Ensuring equal opportunity to participate in clinical trials is important. We analyzed the effectiveness of efforts to ensure geographically equal access to cancer clinical trials in Korea.

Methods

Clinical trials registered between 2012 and 2023 in Korea were captured from the Ministry of Food and Drug Safety database. To measure geographic disparity, we calculated the ratio of clinical trials conducted in local areas compared to those conducted in metropolitan areas and called it the trial geographical disparity index (TGDI). Regression analysis was used to analyze the annual trend of the TGDI.

Results

From 191 hospitals, 9424 cancer clinical trials were identified. The mean TGDI was 46%, indicating that cancer patients living in local areas can only access 46% of cancer clinical trials available to patients living in metropolitan areas. The disparities did not increase or decrease over 12 years. The situation varies among cancer sites, however. There was an improvement in the geographical disparity in lung cancer (p = 0.019), whereas a deterioration existed in pancreatic and prostate cancer (p = 0.035 and 0.016, respectively). Additionally, TGDI has worsened in clinical trials for domestically developed drugs (R-squared 0.58).

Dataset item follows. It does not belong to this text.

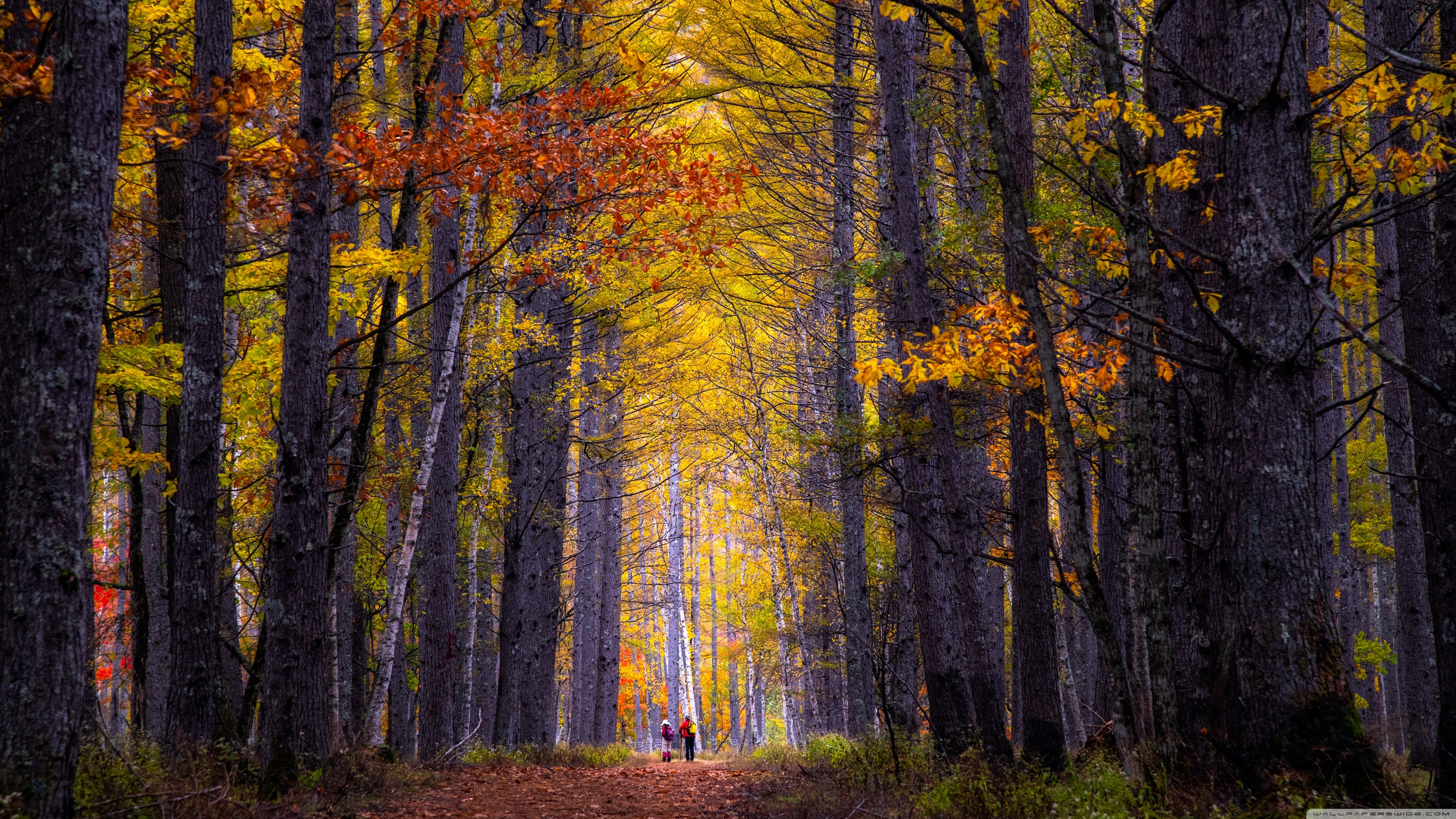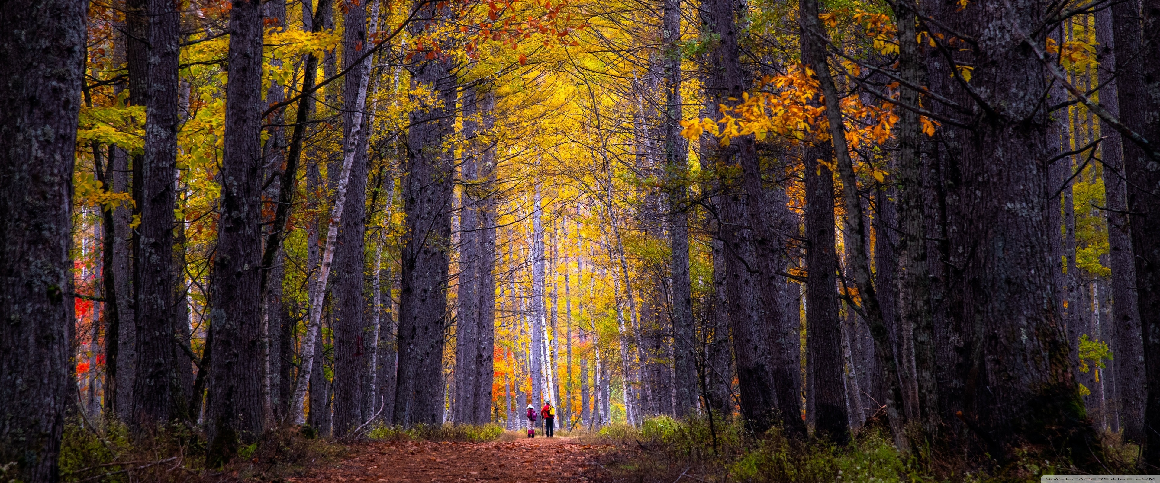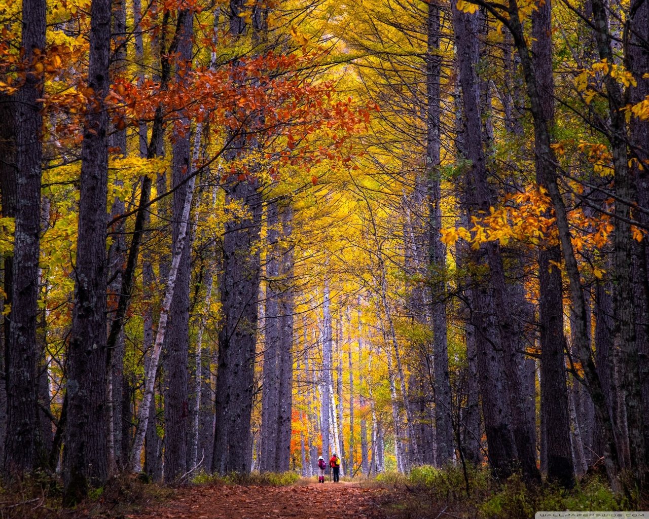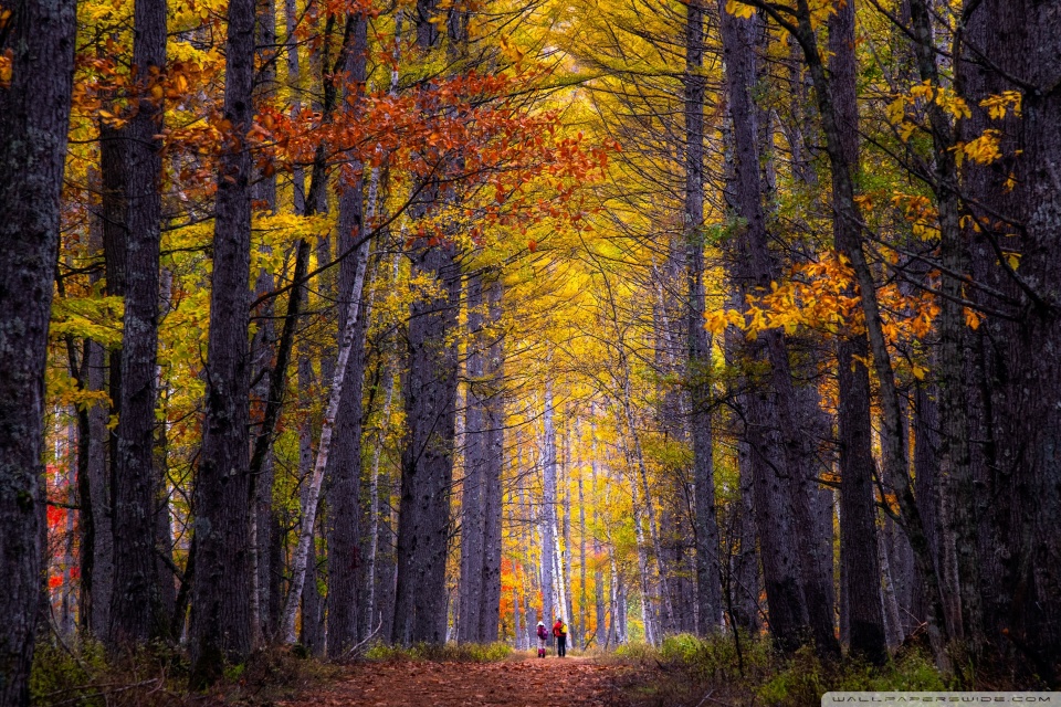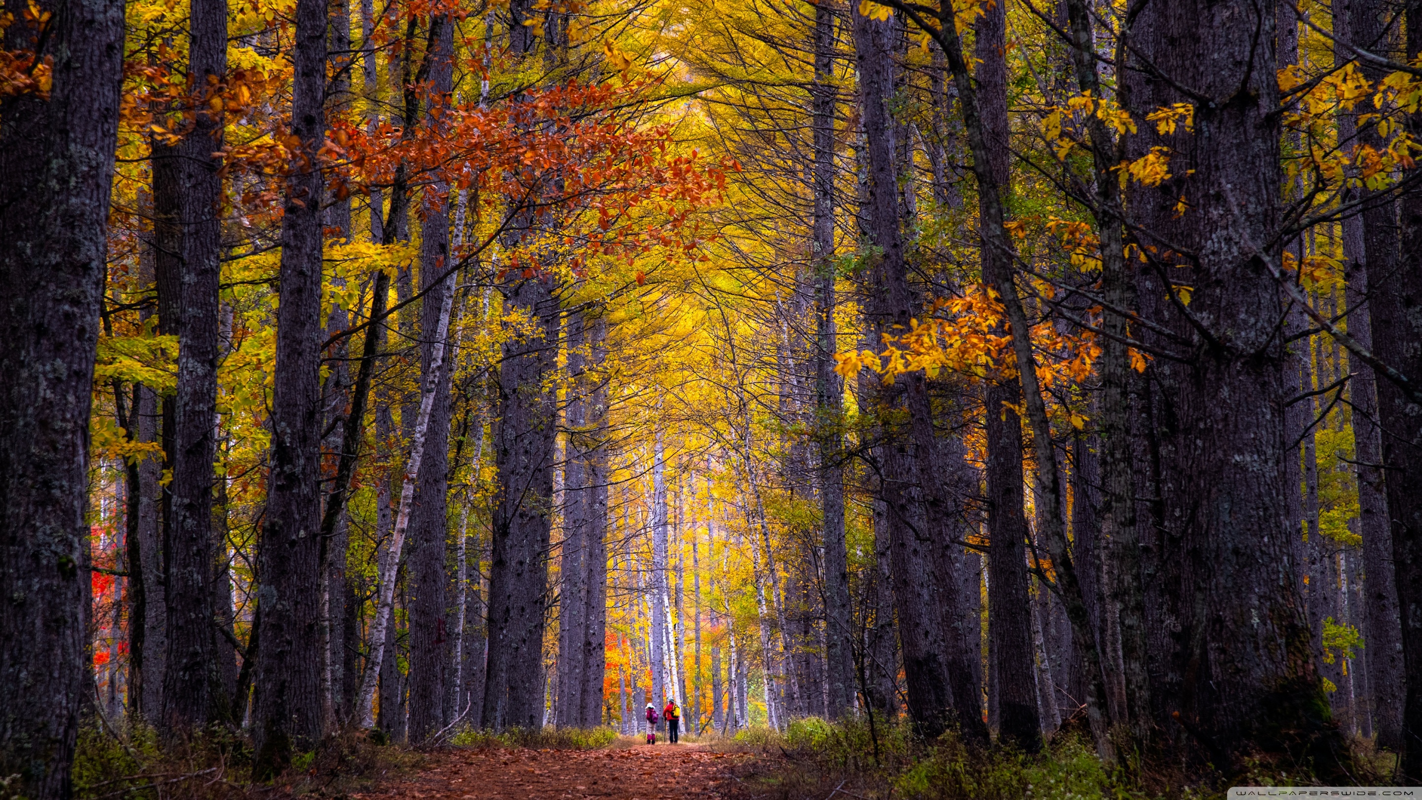Download Autumn, Hike, Tall Trees, Forest 4K UHD Wallpaper

In contrast, it has significantly improved for trials initiated by global pharmaceutical companies (R-squared 0.61), especially in lung and breast cancer (p = 0.016 and 0.005).

Conclusions

Although geographical disparities in access to cancer clinical trials seem to have been fixed in Korea, our data suggest that sponsor-initiated phase II/III trials conducted by global pharmaceutical companies may have a significant role in lowering the geographical barrier and ensuring equal access.

Clinical trial identification

Editorial acknowledgement

Legal entity responsible for the study

The authors.

Funding

National Cancer Center, Republic of Korea.

Disclosure

All authors have declared no conflicts of interest.